Institute of Computing Technology, Chinese Academy of Sciences, Beijing 100190, China.
BMC Bioinformatics. 2011 Aug 17;12:346. doi: 10.1186/1471-2105-12-346.
The analysis of mass spectra suggests that the existence of derivative peaks is strongly dependent on the intensity of the primary peaks. Peak selection from tandem mass spectrum is used to filter out noise and contaminant peaks. It is widely accepted that a valid primary peak tends to have high intensity and is accompanied by derivative peaks, including isotopic peaks, neutral loss peaks, and complementary peaks. Existing models for peak selection ignore the dependence between the existence of the derivative peaks and the intensity of the primary peaks. Simple models for peak selection assume that these two attributes are independent; however, this assumption is contrary to real data and prone to error.

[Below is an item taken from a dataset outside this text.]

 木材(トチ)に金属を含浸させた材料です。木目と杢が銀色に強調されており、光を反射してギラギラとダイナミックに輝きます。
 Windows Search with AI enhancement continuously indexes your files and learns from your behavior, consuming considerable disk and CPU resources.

In this paper, we present a statistical model to quantitatively measure the dependence of the derivative peak's existence on the primary peak's intensity. Here, we propose a statistical model, named ProbPS, to capture the dependence in a quantitative manner and describe a statistical model for peak selection. Our results show that the quantitative understanding can successfully guide the peak selection process. By comparing ProbPS with AuDeNS we demonstrate the advantages of our method in both filtering out noise peaks and in improving de novo identification. In addition, we present a tag identification approach based on our peak selection method. Our results, using a test data set, suggest that our tag identification method (876 correct tags in 1000 spectra) outperforms PepNovoTag (790 correct tags in 1000 spectra).

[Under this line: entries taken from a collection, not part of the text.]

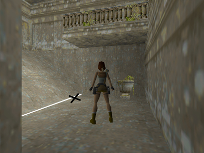 Stand underneath the balcony with Lara's back toward the slope. Step back to make sure she's as close to the base of the slope as possible. (The correct spot to stand is marked with an X in the screenshot above. The camera angle prevented me from getting a good shot with Lara actually standing there.)
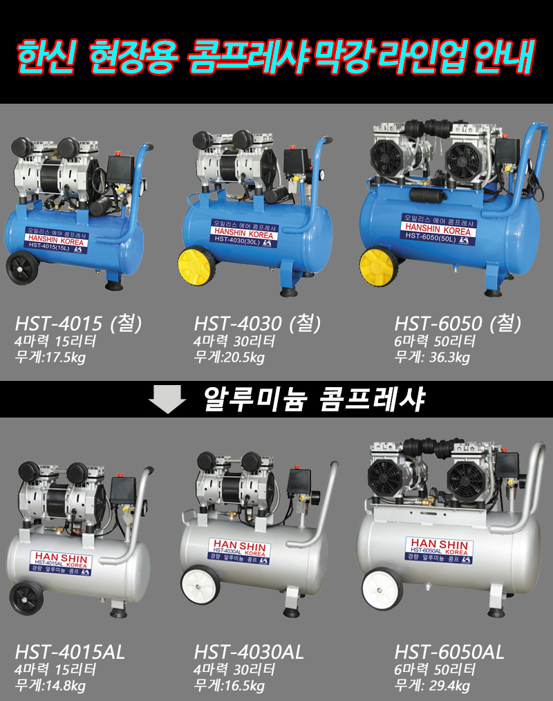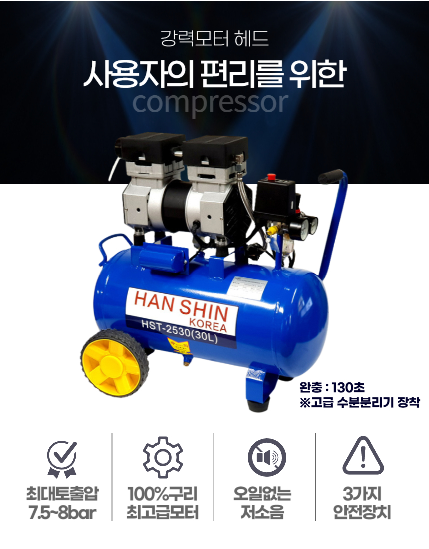 [한신]콤프레샤 2.5마력 30리터 HST-2530 (코일호수+에어건) 저소음 무오일
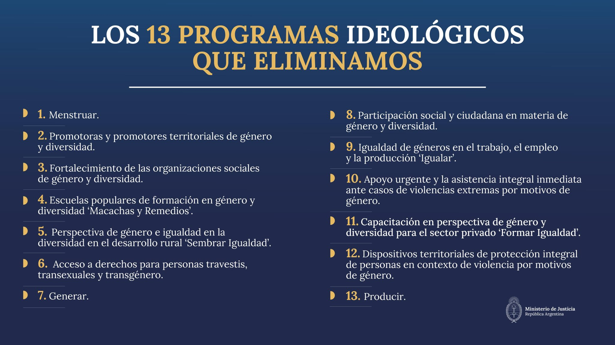 «Eliminamos 13 programas ideológicos creados por el kirchnerismo, que eran financiados por todos los argentinos. Entre ellos se encuentra el insólito «MenstruAR”. Los 13 programas que eliminamos son:
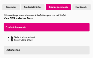 Each product page includes a dedicated Product documents tab alongside the product description and attributes.
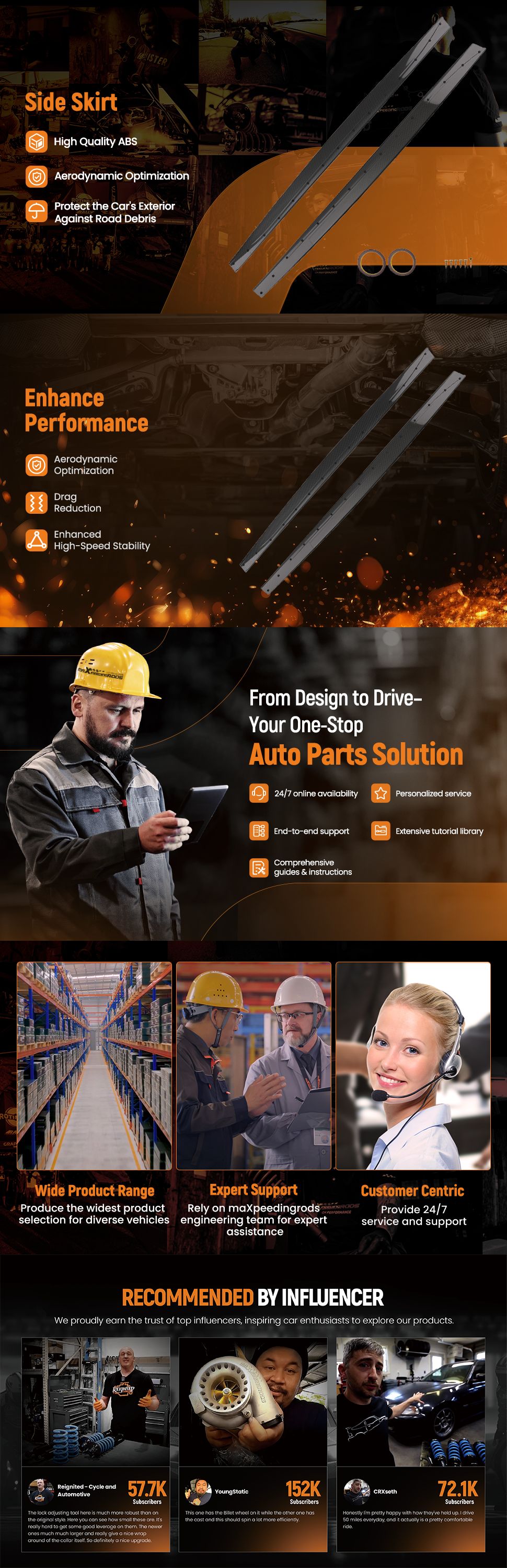 Streamline airflow along the sides of the vehicle, reducing drag and improving stability at high speeds. This enhances fuel efficiency and overall vehicle performance.

We have shown that ProbPS improves the accuracy of peak selection which further enhances the performance of de novo sequencing and tag identification. Thus, our model saves valuable computation time and improving the accuracy of the results.
质谱分析表明,衍生峰的存在强烈依赖于主峰的强度。串联质谱中的峰选择用于滤除噪声和杂质峰。人们普遍认为,有效的主峰往往具有高强度,并伴有衍生峰,包括同位素峰、中性丢失峰和互补峰。现有的峰选择模型忽略了衍生峰的存在与主峰强度之间的依赖性。简单的峰选择模型假设这两个属性是独立的;然而,这种假设与实际数据相悖,容易出错。
在本文中,我们提出了一个统计模型来定量测量衍生峰的存在对主峰强度的依赖性。在这里,我们提出了一个名为 ProbPS 的统计模型,以定量捕捉依赖性,并描述一个用于峰选择的统计模型。我们的结果表明,定量理解可以成功地指导峰选择过程。通过将 ProbPS 与 AuDeNS 进行比较,我们证明了我们的方法在滤除噪声峰和提高从头鉴定方面的优势。此外,我们还提出了一种基于我们的峰选择方法的标签鉴定方法。我们使用测试数据集的结果表明,我们的标签鉴定方法(在 1000 个光谱中有 876 个正确标签)优于 PepNovoTag(在 1000 个光谱中有 790 个正确标签)。
我们已经表明,ProbPS 提高了峰选择的准确性,从而进一步提高了从头测序和标签鉴定的性能。因此,我们的模型节省了宝贵的计算时间,并提高了结果的准确性。